── GIVEN MATERIAL ──

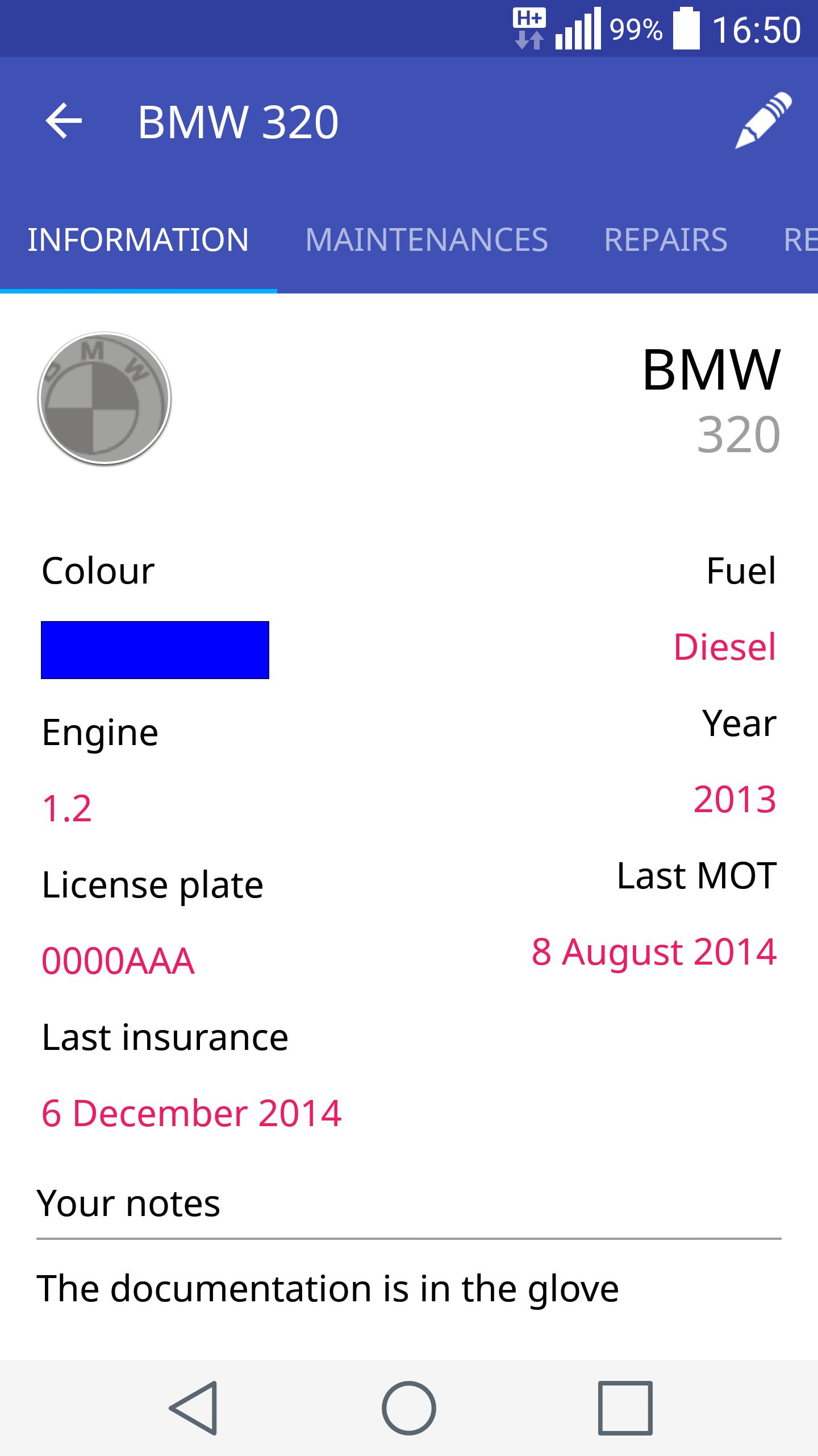 • In Ihrer Hand alle Informationen aus Ihrem Auto (Motortyp, Registrierung, Datum der letzten Versicherung, ...).
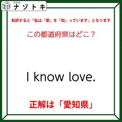 まずはこの英文を日本語に訳してみましょう。すると「私は愛を知っています」となりますね。「私」はともかくとしてそれ以外の漢字の部分だけを抜き出してみましょう。すると「愛」と「知」ですね。ここまで来ればわかりますね。繋げると「愛知」となります。というわけで正解は「愛知県」でした。
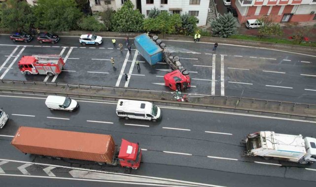 Kaza, saat 10.30 sıralarında E-5 karayolu İstanbul Büyükçekmece mevki Kumburgaz istikametinde yaşandı. Edinilen bilgilere göre sürücü M.E.P. (25) hakimiyetindeki 59 AAR 214 plakalı TIR yağmur nedeniyle kayganlaşan yolda kontrolden çıktı. Bariyere vuran araç devrilerek yan yattı. Hafif yaralanan M.E.P. çevredeki diğer sürücüler tarafından araçtan çıkarıldı. Olay yerine çok sayıda ekip çağrıldı. Kaza nedeniyle Kumburgaz istikametinde trafik yakışık 2 saat kapalı kaldı. Aracın kaldırılmasıyla yol yeniden trafiğe açıldı.
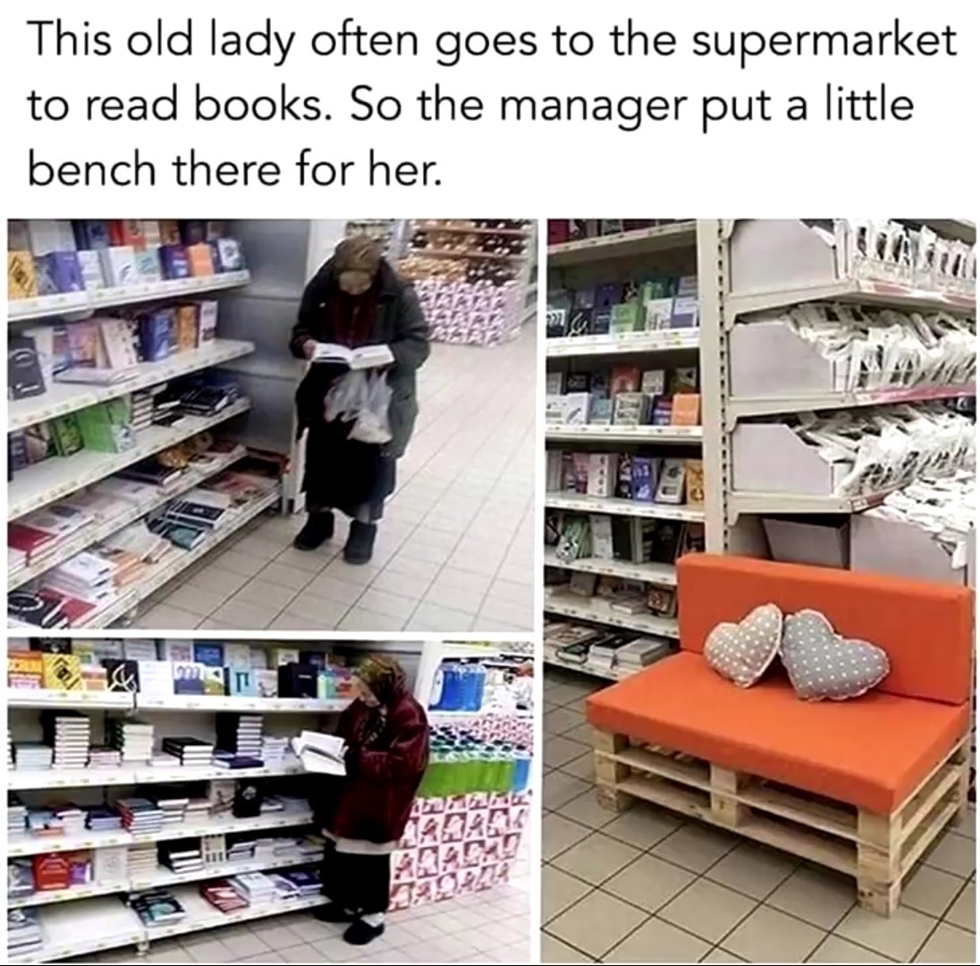 Saat Pelanggan nya yang biasa membaca nampak kesulitan, sang Manager menyiapkan bangku agar Si ibu bisa lebih nyaman,

───

AIM OF THE TASK
The reply should hold every line of the material above, unchanged, and no pictures.

EXPECTED OUTPUT
 • In Ihrer Hand alle Informationen aus Ihrem Auto (Motortyp, Registrierung, Datum der letzten Versicherung, ...).
 まずはこの英文を日本語に訳してみましょう。すると「私は愛を知っています」となりますね。「私」はともかくとしてそれ以外の漢字の部分だけを抜き出してみましょう。すると「愛」と「知」ですね。ここまで来ればわかりますね。繋げると「愛知」となります。というわけで正解は「愛知県」でした。
 Kaza, saat 10.30 sıralarında E-5 karayolu İstanbul Büyükçekmece mevki Kumburgaz istikametinde yaşandı. Edinilen bilgilere göre sürücü M.E.P. (25) hakimiyetindeki 59 AAR 214 plakalı TIR yağmur nedeniyle kayganlaşan yolda kontrolden çıktı. Bariyere vuran araç devrilerek yan yattı. Hafif yaralanan M.E.P. çevredeki diğer sürücüler tarafından araçtan çıkarıldı. Olay yerine çok sayıda ekip çağrıldı. Kaza nedeniyle Kumburgaz istikametinde trafik yakışık 2 saat kapalı kaldı. Aracın kaldırılmasıyla yol yeniden trafiğe açıldı.
 Saat Pelanggan nya yang biasa membaca nampak kesulitan, sang Manager menyiapkan bangku agar Si ibu bisa lebih nyaman,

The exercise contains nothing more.